Впрочем, отъелись, встряхнулись, отогрелись, поставили горшок с красным бальзамином на окно, запели простые песни, талию вернули на место. Расчесали отросшие кудри, щипцами завили покруче, на такие-то локоны хорошо бы синий бархатный бант. Но бант — для красавиц и на праздники, в банте все же есть что-то вызывающее, разнузданное, не правда ли? — обычная же гражданка, на трамвае едущая в учреждение наравне с мужчинами, — и нет Жука, чтобы обеспокоиться тяготами ежедневного путешествия, разрушительного для здоровья, — обычная гражданка надевает берет. Берет — та же каска, только мягкая, смягчившаяся, уступившая и отступившая, уменьшившаяся в размерах, податливая. Хочешь — сдвинь его на затылок, хочешь — спусти на один глаз, притворись загадочной, сделай вид, что еще не прозрела, еще ничего не понимаешь. Хочешь — распуши волосы с обеих сторон, не нравится — забери их под тугой ободок, подними воротник пальто, папиросу в зубы. Ветер дует в спину, ветер разметал старые империи Европы и Азии, то ли еще будет! Будет нехорошо.

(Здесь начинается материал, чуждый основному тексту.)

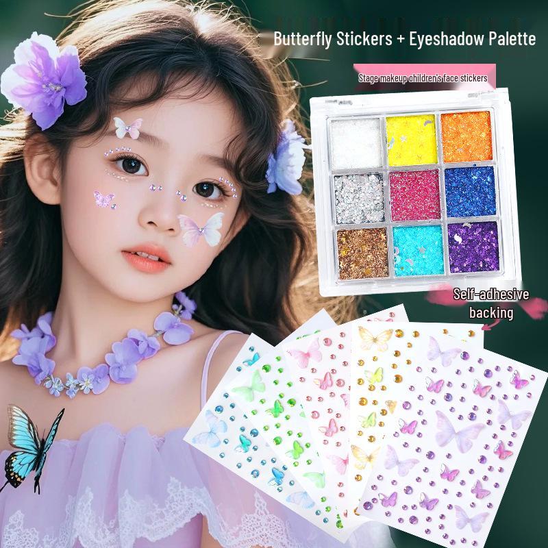 Αυτοκόλλητα Προσώπου Πεταλούδα & Διαμάντι για Παιδικό Μακιγιάζ Σκηνής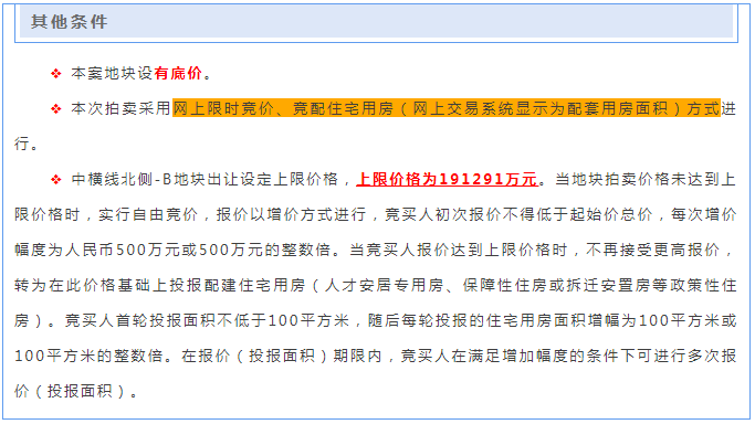 出让面积95338m2(折合143.007亩),1.0<容积率≤2.2,建筑密度≤45%,绿地率≥35%,限高36-80m。拍卖起始总价127791万元,竞买保证金25560万元,土地用途为城镇住宅用地(普通商品房) /城镇住宅及配套用地、商服用地。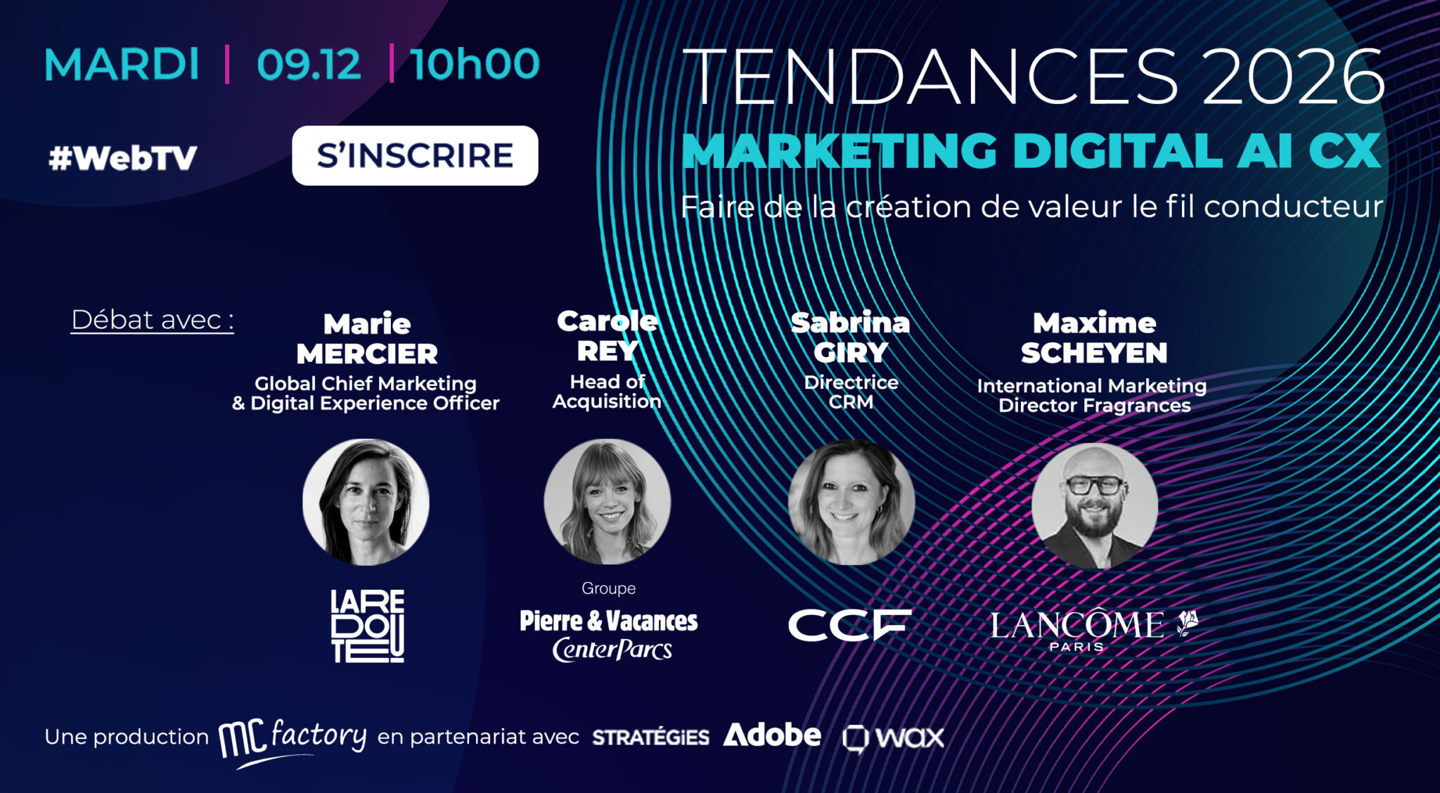 4 décideurs marketing, digital et expérience client interviendront sur ce débat pour éclairer les tendances qui transformeront leur secteur, lors de cette 92ème émission « Innovation & Cross-média ». Un débat avec La Redoute, Banque CCF, Lancôme et le Groupe Pierre & Vacances Center Parcs. Une émission produite par MC Factory en partenariat avec Stratégies, Adobe et Wax.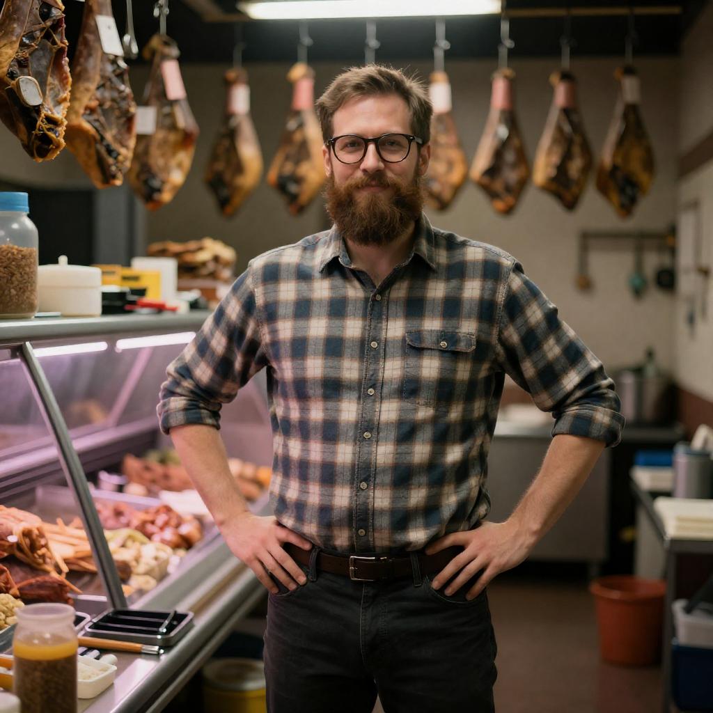 Bearded man with glasses, wearing a plaid shirt and dark pants, stands in a dimly lit butcher shop. Hanging cured meats are in the background. He has hands on hips, smiling slightly. Various tools and equipment are scattered around.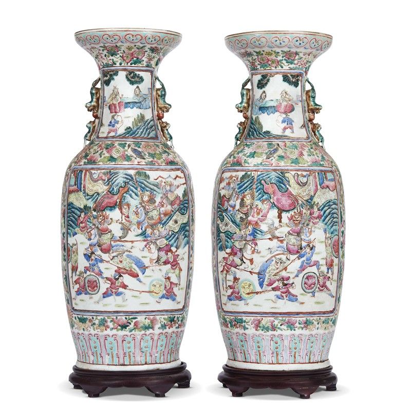 清 十九至二十世纪 广彩刀马人物古诗文双耳尊一对 高63,5厘米

...Поразительно, однако, какими они оказались стойкими, эти женщины тридцатых-сороковых-пятидесятых. Словно бы мир не рухнул опять, не перекувырнулся через голову, не разбил все стекла вдребезги, все страны — в щепу. Если первая мировая война раздавила бескостных наяд, превратила их в поджарых мальчишек, то вторая словно бы придала женщинам сил, показала, что дальше отступать некуда. Отчаянная, отважная женственность, — попудриться перед бомбежкой, накрутить бигуди на стреляных гильзах, а потом, после войны, снова и снова взбивать надо лбом валик поредевших волос, прикрывать затылок шляпкой-менингиткой, — маленьким блюдечком, лилипутским напоминанием о былом величии. Женщина — это все еще шляпка, женщина без шляпки все еще не одета, не украшена. То это таблетка с дымкой вуали — крупной, редкой, не скрывающей глаз, случись им быть заплаканными; то нашлепка-ермолка с букетиком искусственной мимозы, то сползший от удивления на холку, вставший на попа овальный полуберет с бантом, гибрид строгости и легкомыслия. Шляпа пляшет по голове, выбирая удобный склон, елозит, не зная, где остановиться, словно бы предчувствуя, что еще немного — и она слетит, покатится колесом, в чуланы, старые чемоданы, помойки. Перед тем как расстаться с хозяйкой, шляпа распрямляется с глубоким вздохом, хорошеет перед смертью. Но, собственно, все кончено, можно не стараться. Широкополая соломенная пагода, ловко обливающая гладко причесанную головку, нужна только для того, чтобы было удобнее ее сбросить. Захочу — надену, захочу — сниму. Свобода, свобода! Вот и конец шестидесятых.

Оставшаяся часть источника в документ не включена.